PROBLEM |
Beginning with the first line, return the material verbatim and without pictures.

DATA |
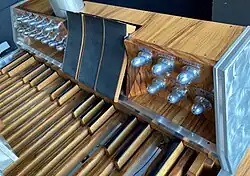 Die Marimba 8’ umfasst 49 Klangplatten ab c aus Padoukholz auf gedeckten Resonatoren.
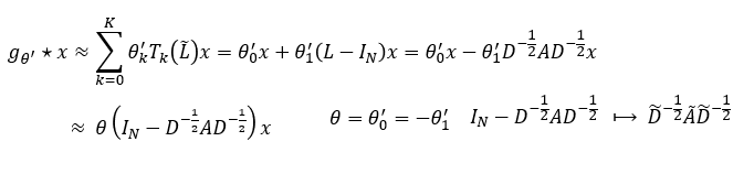 ,𝜆𝑚𝑎𝑥代表拉普拉斯方程特征值中的最大值。基于切比雪夫多项式进行近似表达时,并将K限定为1且𝜆𝑚𝑎𝑥设定为2时,则图信号经此变换后的公式则可简化为
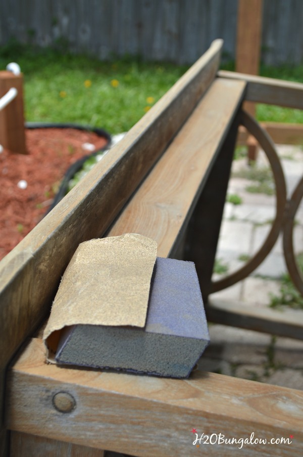 Start by sanding down the weathered areas of the wood to expose a fresh surface. My 5′ orbital sander was the perfect size and power to remove the top layer of damaged wood quickly. It worked best on horizontal surfaces. The hand sander was perfect on horizontal surfaces and corners. A piece of sandpaper wrapped round a sanding block is a good way to get hard to reach places like in between slats and decorative areas.
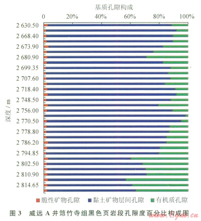 筇竹寺組黑色頁巖基質孔隙度為l.4%~3.1%(圖2),約為龍馬溪組富有機質頁巖段的1/3~1/2。在基質孔隙中,有機質孔隙占1.7%~43.2%(平均為18.6%),黏土礦物層間孔隙占53.9%~97.4%(平均為79%),脆性礦物孔隙占0.8%~3.1%(平均為2.4%)(圖3)。在2794~2819m富有機質頁巖段,巖性以黑色硅質頁巖為主,微含鈣質,TOC、黏土礦物和脆性礦物3者含量分別為2.4%~3.6%、l4%~27%、72.8%~85.7%,計算的總孔隙度為l.4%~2.0%,其中有機質孔隙占20%~43%(平均為34%),黏土礦物層間孔隙占53.9%~77.8%,脆性礦物孔隙僅占l.9%~3.1%(圖3)。

THE COMPLETED TASK |
 Die Marimba 8’ umfasst 49 Klangplatten ab c aus Padoukholz auf gedeckten Resonatoren.
 ,𝜆𝑚𝑎𝑥代表拉普拉斯方程特征值中的最大值。基于切比雪夫多项式进行近似表达时,并将K限定为1且𝜆𝑚𝑎𝑥设定为2时,则图信号经此变换后的公式则可简化为
 Start by sanding down the weathered areas of the wood to expose a fresh surface. My 5′ orbital sander was the perfect size and power to remove the top layer of damaged wood quickly. It worked best on horizontal surfaces. The hand sander was perfect on horizontal surfaces and corners. A piece of sandpaper wrapped round a sanding block is a good way to get hard to reach places like in between slats and decorative areas.
 筇竹寺組黑色頁巖基質孔隙度為l.4%~3.1%(圖2),約為龍馬溪組富有機質頁巖段的1/3~1/2。在基質孔隙中,有機質孔隙占1.7%~43.2%(平均為18.6%),黏土礦物層間孔隙占53.9%~97.4%(平均為79%),脆性礦物孔隙占0.8%~3.1%(平均為2.4%)(圖3)。在2794~2819m富有機質頁巖段,巖性以黑色硅質頁巖為主,微含鈣質,TOC、黏土礦物和脆性礦物3者含量分別為2.4%~3.6%、l4%~27%、72.8%~85.7%,計算的總孔隙度為l.4%~2.0%,其中有機質孔隙占20%~43%(平均為34%),黏土礦物層間孔隙占53.9%~77.8%,脆性礦物孔隙僅占l.9%~3.1%(圖3)。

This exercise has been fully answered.